Read 1 KINGS 12:1-20
[1]
Scripture taken from the THE HOLY BIBLE, NEW INTERNATIONAL VERSION, NIV Copyright © 1973, 1978, 1984, 2011 by Biblica, Inc.® Used by permission. All rights reserved worldwide.
Meditate
“Whoever loves discipline loves knowledge, but whoever hates correction is stupid” (Prov. 12:1). We need discernment to evaluate the advice others give us.
Think Further
The repetitive language of this story is characteristic of storytelling in oral cultures including those of the Ancient Near East and aids memorization. Like a visitor to a statuary or ancient monument, I walk slowly round the pentagon of people in the story (Rehoboam, Jeroboam, the elders, the youths and Israel), observing closely. There is a dramatic reversal between verse 1 and verse 20! Jeroboam had fled to Egypt (1 Kings 11:40), but today’s story ends with Rehoboam only just making it to his chariot in order to flee himself (18) after Adoniram, his forced-labor chief, has been stoned to death.

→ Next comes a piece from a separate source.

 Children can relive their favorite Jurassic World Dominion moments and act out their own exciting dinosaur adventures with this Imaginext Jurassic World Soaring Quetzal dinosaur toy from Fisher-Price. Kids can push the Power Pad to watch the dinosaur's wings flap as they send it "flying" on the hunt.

The narrative indicates subtly some reasons why Solomon’s project is creaking and cracking: he could never have achieved all his building and commercial projects without forced labor–the heavy yoke, the harsh labor, the whips. The elders advise a different approach: the three uses of the word “serve” make the point quietly. The youths, Rehoboam’s peers, have no time for such conciliation and gentleness: they crudely urge much more force. The narrator artfully passes his verdict on this advice by making Rehoboam omit the young men’s coarsest expression (about little finger and loins).

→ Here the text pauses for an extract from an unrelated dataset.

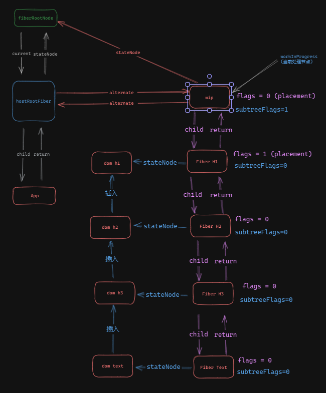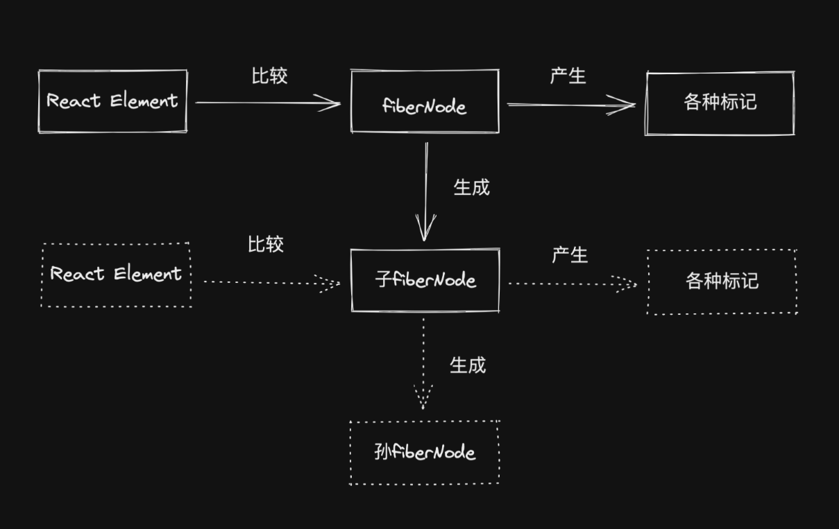 fiber对象是对react执行过程中元素状态的描述,打上一些标记等等

Rehoboam stupidly followed the advice of his peer group. The separatist cry of verse 16 had been heard before in David’s time (2 Sam. 20:1). A division is appearing between “David” and “Israel.” They had always been together, but now Israel was going to its tents and only Judah “remained loyal to the house of David” (20). I focus on the unique word translated “turn of events” in verse 15. Somehow Rehoboam’s stupidity is caught up and contained within God’s wider sovereignty. What he has spoken through his prophet will come to pass.
Apply
Recall a time when a bad choice of yours was “caught up and contained within God’s wider sovereignty.” What lessons did you learn from the experience?
Closing prayer
Mighty God, I’m grateful that You are in charge of all things, not me. Thank You for bringing good out of my bad choices.